Starting with the first line of the data below, copy each line up to and including the one containing "Esta ruptura acontece". Pictures stay out.
BEGIN Data for review
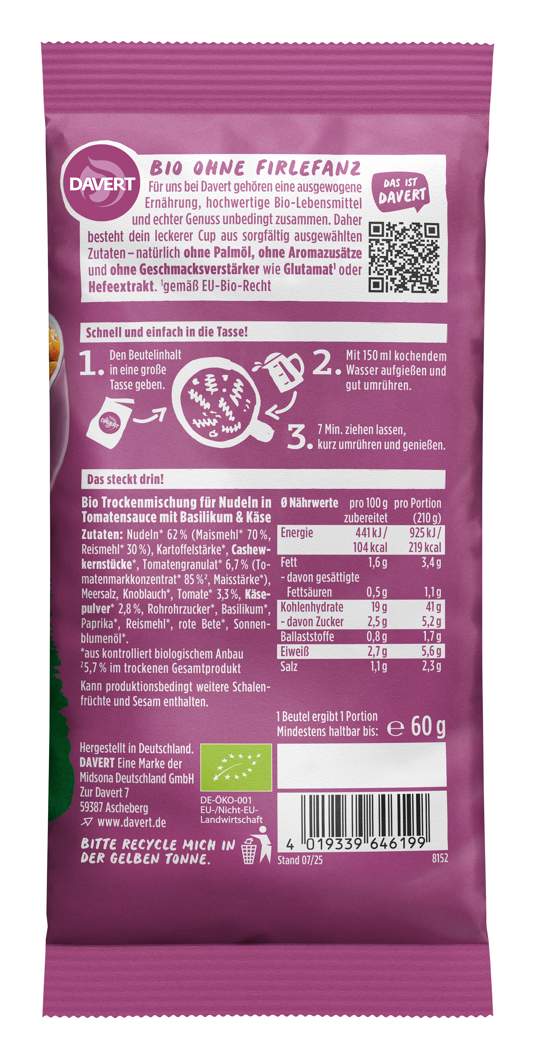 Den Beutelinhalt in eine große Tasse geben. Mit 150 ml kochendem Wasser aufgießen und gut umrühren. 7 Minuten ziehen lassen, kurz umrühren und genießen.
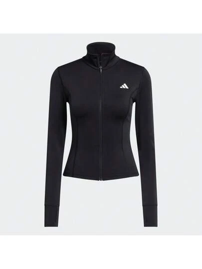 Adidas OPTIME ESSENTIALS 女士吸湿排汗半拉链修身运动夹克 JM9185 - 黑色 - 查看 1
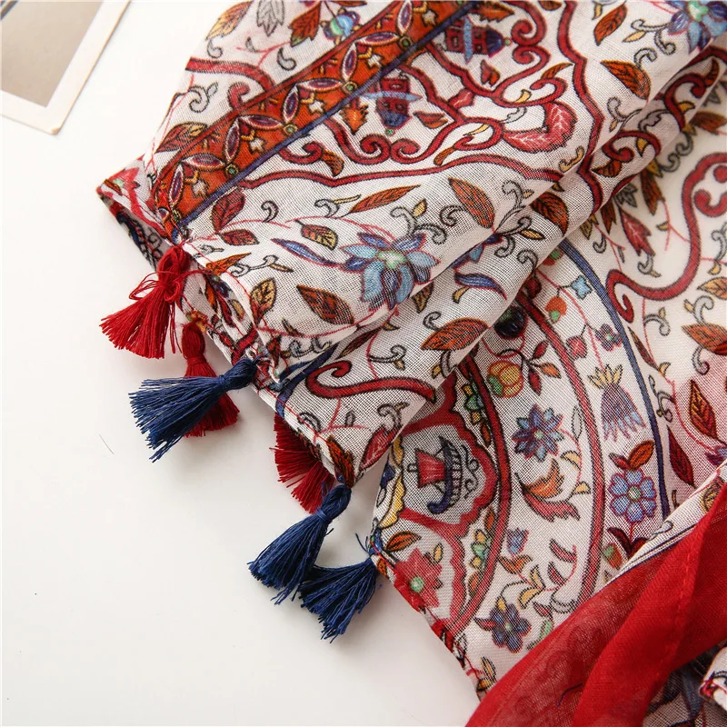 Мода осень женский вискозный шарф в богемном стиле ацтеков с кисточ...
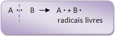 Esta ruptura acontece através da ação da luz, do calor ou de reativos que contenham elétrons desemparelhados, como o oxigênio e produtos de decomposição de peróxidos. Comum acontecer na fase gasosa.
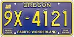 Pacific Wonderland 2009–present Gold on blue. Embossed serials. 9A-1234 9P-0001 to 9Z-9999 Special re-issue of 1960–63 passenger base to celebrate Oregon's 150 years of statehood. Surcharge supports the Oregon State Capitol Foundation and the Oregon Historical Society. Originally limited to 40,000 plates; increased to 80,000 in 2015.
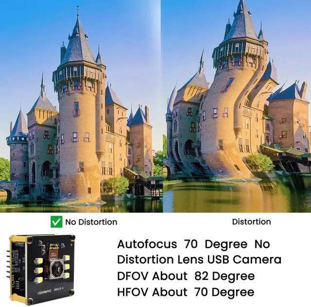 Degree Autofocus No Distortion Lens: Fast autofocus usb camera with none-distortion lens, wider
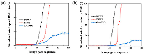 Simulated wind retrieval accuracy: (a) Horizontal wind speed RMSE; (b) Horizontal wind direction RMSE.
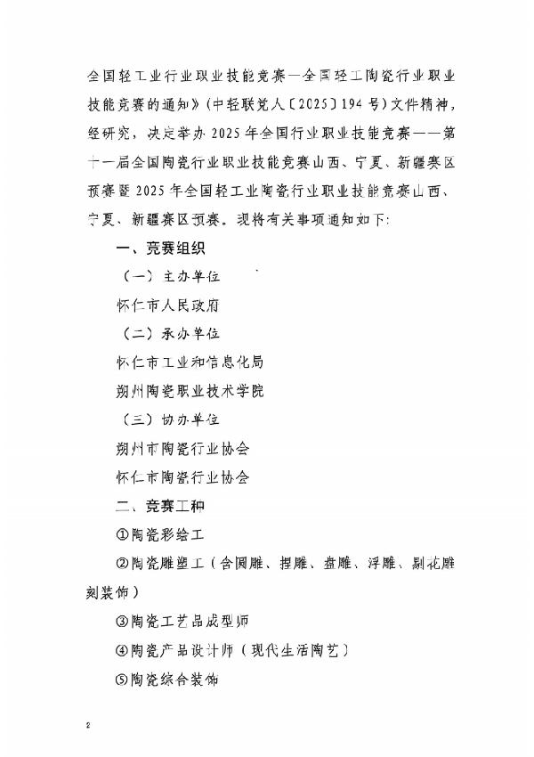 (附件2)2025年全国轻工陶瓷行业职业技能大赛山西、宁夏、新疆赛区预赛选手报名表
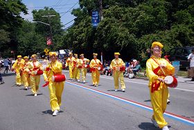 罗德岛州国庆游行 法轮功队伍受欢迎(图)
END Data for review
▶ _Output below_
 Den Beutelinhalt in eine große Tasse geben. Mit 150 ml kochendem Wasser aufgießen und gut umrühren. 7 Minuten ziehen lassen, kurz umrühren und genießen.
 Adidas OPTIME ESSENTIALS 女士吸湿排汗半拉链修身运动夹克 JM9185 - 黑色 - 查看 1
 Мода осень женский вискозный шарф в богемном стиле ацтеков с кисточ...
 Esta ruptura acontece através da ação da luz, do calor ou de reativos que contenham elétrons desemparelhados, como o oxigênio e produtos de decomposição de peróxidos. Comum acontecer na fase gasosa.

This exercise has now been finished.